*** AVAILABLE RECORDS Section Begins ***

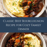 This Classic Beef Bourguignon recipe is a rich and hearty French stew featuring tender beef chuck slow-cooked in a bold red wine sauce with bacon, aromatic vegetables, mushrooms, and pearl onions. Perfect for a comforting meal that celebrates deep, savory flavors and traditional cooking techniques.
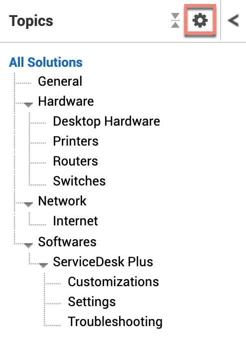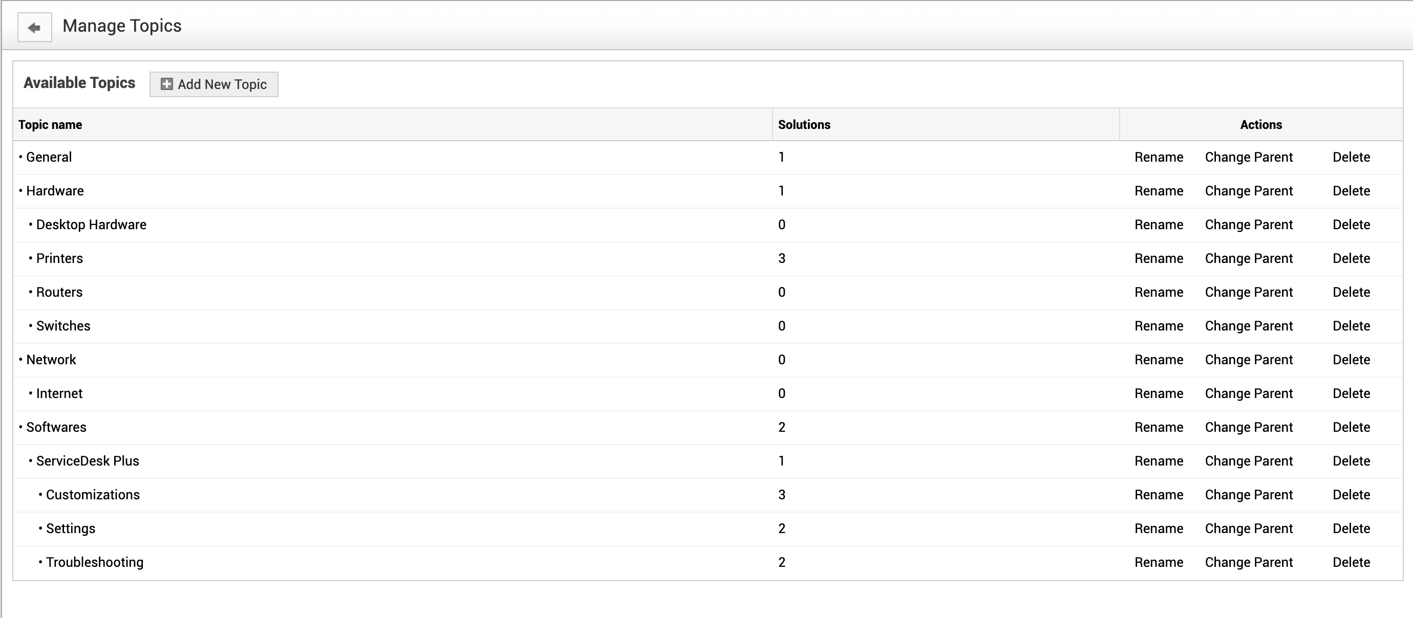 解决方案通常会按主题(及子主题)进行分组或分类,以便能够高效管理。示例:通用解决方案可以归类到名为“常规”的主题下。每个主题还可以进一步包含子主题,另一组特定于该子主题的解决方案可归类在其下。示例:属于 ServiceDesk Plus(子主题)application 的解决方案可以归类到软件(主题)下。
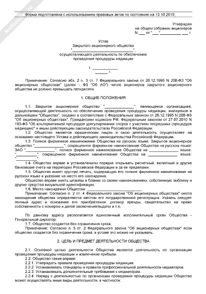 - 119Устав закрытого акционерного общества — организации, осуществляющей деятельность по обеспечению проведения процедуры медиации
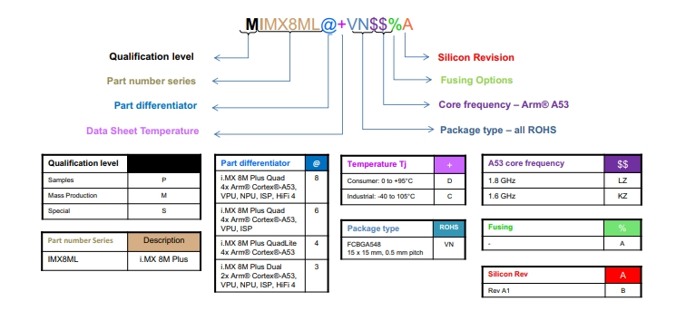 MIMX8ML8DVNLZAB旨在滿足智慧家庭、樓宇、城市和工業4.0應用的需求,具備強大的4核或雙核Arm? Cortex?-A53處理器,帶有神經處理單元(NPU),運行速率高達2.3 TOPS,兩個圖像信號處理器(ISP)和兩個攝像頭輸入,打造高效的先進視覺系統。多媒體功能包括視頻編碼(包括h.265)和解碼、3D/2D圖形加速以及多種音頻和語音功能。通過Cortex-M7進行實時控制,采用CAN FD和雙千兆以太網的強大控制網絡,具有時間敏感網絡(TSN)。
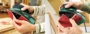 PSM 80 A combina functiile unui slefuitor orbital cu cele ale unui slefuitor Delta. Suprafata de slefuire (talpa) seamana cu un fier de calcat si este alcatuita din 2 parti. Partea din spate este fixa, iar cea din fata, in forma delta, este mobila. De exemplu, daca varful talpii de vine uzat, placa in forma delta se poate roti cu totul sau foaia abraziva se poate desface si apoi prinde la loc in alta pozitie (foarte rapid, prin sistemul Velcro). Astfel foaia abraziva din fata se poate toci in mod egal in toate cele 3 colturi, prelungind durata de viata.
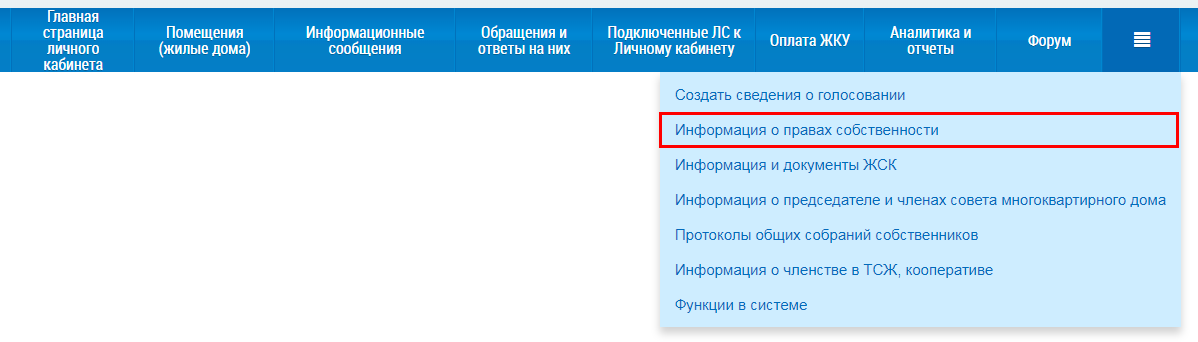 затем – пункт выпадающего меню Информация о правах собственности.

*** AVAILABLE RECORDS Section Ends ***

TASK REQUIREMENTS — From the first line through the line with "ServiceDesk Plus(子主题)application 的解决方案可以归类到软件(主题)下。", output those lines of the entries above exactly, and nothing else, with the pictures left out.

ANSWER SECTION —
 This Classic Beef Bourguignon recipe is a rich and hearty French stew featuring tender beef chuck slow-cooked in a bold red wine sauce with bacon, aromatic vegetables, mushrooms, and pearl onions. Perfect for a comforting meal that celebrates deep, savory flavors and traditional cooking techniques.
 解决方案通常会按主题(及子主题)进行分组或分类,以便能够高效管理。示例:通用解决方案可以归类到名为“常规”的主题下。每个主题还可以进一步包含子主题,另一组特定于该子主题的解决方案可归类在其下。示例:属于 ServiceDesk Plus(子主题)application 的解决方案可以归类到软件(主题)下。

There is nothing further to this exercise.